Self-incrimination in rabbinic law and US constitutional law TB Yevamot 25

Starting with daf TB Yevamot 24b until the end of the second chapter, the Gemara leaves the topic of yibum, levirate marriage and deals with a variety of other topics. In the course of discussing a case today’s daf TB Yevamot 25 highlights the difference between rabbinic law and US constitutional law concerning self-incrimination.

The Mishnah sets the case up for our deliberation. “MISHNA: An agent who brought a bill of divorce from a country overseas and said: It was written in my presence and it was signed in my presence, as required in order to establish the bill of divorce as valid, may not marry the wife, i.e., the divorcée. Since the validity of the bill of divorce is based upon his testimony, marrying the divorcée creates the impression that he had an ulterior motive for his testimony. Similarly, a witness who testified that a certain man died, or testified: I killed him, or: We killed him, may not marry that man’s wife. Rabbi Yehuda says: If he testified: I killed him, his wife may not be married at all based on that evidence, as his testimony is unreliable, but if he said: We killed him, his wife may be married to anyone other than those witnesses. (Later on the Gemara explains that Rabbi Yehuda reinterprets the phrase ‘we killed him’ to mean I was there when he was murdered.-gg) ” (Sefaria.org translation) We are only interested in the second half of the Mishnah. The man testifies that he killed the woman’s husband. Why the widow who is not a co-conspirator would want to marry her husband’s murderer is a mystery to me.

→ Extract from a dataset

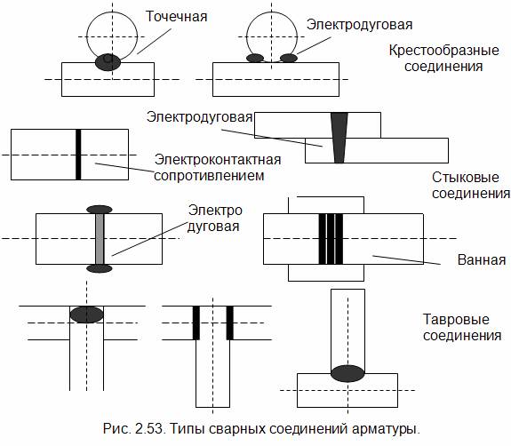 Электрод выбирается исходя из класса арматурной стали (А-I, А -II... A т -V), способов сварки (ванная или многослойные швы, протяжные швы, в штампованном отверстии, прихватами) и типов соединения (крестообразное, стыковое, нахлесточное, тавровое).

Rava teaches the rabbinic principal against self-incrimination. “Rava disputed Rav Yosef’s opinion and said: Even if one said that he was willingly (participated in a sin like murder-gg), he is not believed concerning his own actions, because a person is his own relative. Consequently, he may not testify about himself, just as the testimony of any relative is disqualified. And furthermore, a person does not make himself wicked. His testimony with regard to his own actions is inadmissible because he is his own relative…” (Sefaria.org translation) A close relative cannot testify against his accused relative. Since the accused is his closest own relative, that part of his testimony which incriminates him is deleted as if it was never said.

United States constitutional law also has the principal against self-incrimination; however, this means that the accused has the right to remain silent and doesn’t have to testify. If the accused does testify, whatever he says may be held against him.

Rashi ד"ה אֵין אָדָם מֵשִׂים explains that a person’s self-incrimination only in monetary matters is a strong as 100 witnesses (הודאת פיו כמאה עדים) and accepted based upon the Gemara daf TB baba Metzia 3b and doesn’t apply to cases concerning fines, the punishment of stripes with a whip, and invalidation of personal status.